Document Layout Analysis (DLA) is crucial for understanding the physical layout and logical structure of documents, which supports applications like RAG, document summarization, and knowledge extraction.
Traditional methods typically use separate models to address sub-tasks such as table/figure detection, text region detection, logical role classification, and reading order prediction. This fragmentation can lead to inefficiencies and increased complexity.
This article introduces a new study called DLAFormer, an end-to-end transformer-based approach that integrates all these sub-tasks into a single model, streamlining the process and improving overall performance.
Problem Definition
The document image inherently comprises diverse regions, encompassing both Text Regions and Non-Text Regions.
A Text Region serves as a semantic unit of written content, comprising text lines arranged in a natural reading sequence and associated with a logical label, such as paragraph, list/list item, title, section heading, header, footer, footnote, and caption.
Non-text regions typically include graphical elements like tables, figures, and mathematical formulas. Multiple logical relationships often exist between these regions, with the most common being the reading order relationship.
Consequently, three distinct types of relationships are defined:
Intra-region Relationship: This relationship groups basic text units, such as text lines, into coherent text regions. Each text region, composed of several text lines, is arranged in a natural reading sequence. For all adjacent text lines within the same text region, intra-region relationships are established. For text regions consisting of a single text line, the relationship of this text line is self-referential.
Inter-region Relationship: These relationships are constructed between all pairs of regions that exhibit logical connections. For instance, an inter-region relationship is established between two adjacent paragraphs and between a table and its corresponding caption or footnote.
Logical Role Relationship: Various logical role units are delineated, including caption, section heading, paragraph, title, etc. Given that each text region is assigned a logical role, a logical role relationship is established between each text line in the text region and its corresponding logical role unit.

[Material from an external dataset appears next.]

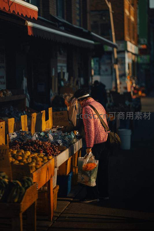 温暖的夕阳光线洒在街边水果摊上,一位穿着粉色外套的顾客正仔细挑选着水果,装满蔬果的木箱和深色背景形成对比,充满生活温度。

By defining these relationships, various DLA sub-tasks (such as text region detection, logical role classification, and reading order prediction) are framed as relation prediction challenges. The labels of different relation prediction tasks are merged into a unified label space, allowing a unified model to handle these tasks concurrently, as shown in Figure 1.
Solution
Overview

As shown in Figure 2, DLAFormer leverages a transformer-based architecture to handle multiple DLA tasks concurrently by treating them as relation prediction problems. It unifies these tasks into a single label space, allowing for an efficient and cohesive analysis.
This approach simplifies the model architecture and enhances the scalability and performance of DLA tasks.
Detailed Workflow
Encoder-Decoder Architecture: The model employs an encoder-decoder architecture inspired by DETR. The encoder processes multi-scale features extracted from document images, while the decoder refines these features and predicts the relations between them.
Type-wise Queries: To enhance the physical meaning of content queries, DLAFormer introduces type-wise queries that capture categorical information of diverse page objects. This allows the model to adaptively focus on different regions and tasks.
Coarse-to-Fine Strategy: The model adopts a coarse-to-fine strategy to accurately identify graphical page objects, improving the precision of detection.
Unified Relation Prediction: By consolidating the labels of different relation prediction tasks into a unified label space, DLAFormer uses a unified relation prediction module to handle these tasks concurrently. This approach reduces cascading errors and improves the efficiency of the training process.
Evaluation
Experimental results on two benchmarks, DocLayNet and Comp-HRDoc, demonstrate that DLAFormer outperforms previous methods that use multi-branch or multi-stage architectures. The model achieves superior results in tasks like graphical page object detection, text region detection, logical role classification, and reading order prediction.
Additionally, DLAFormer shows significant improvements in mAP for various categories such as formulas, tables, and figures, compared to traditional object detection methods, as shown in Figure 3.

Conclusion
This article presents DLAFormer, an innovative end-to-end transformer model for document layout analysis that integrates multiple DLA tasks into a unified framework. The proposed approach simplifies the training process, enhances scalability, and improves performance across various benchmarks.
From this paper, it's clear that integrating multiple related tasks into a single model can drastically improve efficiency and performance in complex analysis scenarios. The use of a transformer-based approach for DLA shows promise due to its ability to handle diverse and intricate document layouts effectively. However, the challenge remains in ensuring the model can scale and adapt to even more varied document types and tasks in real-world applications.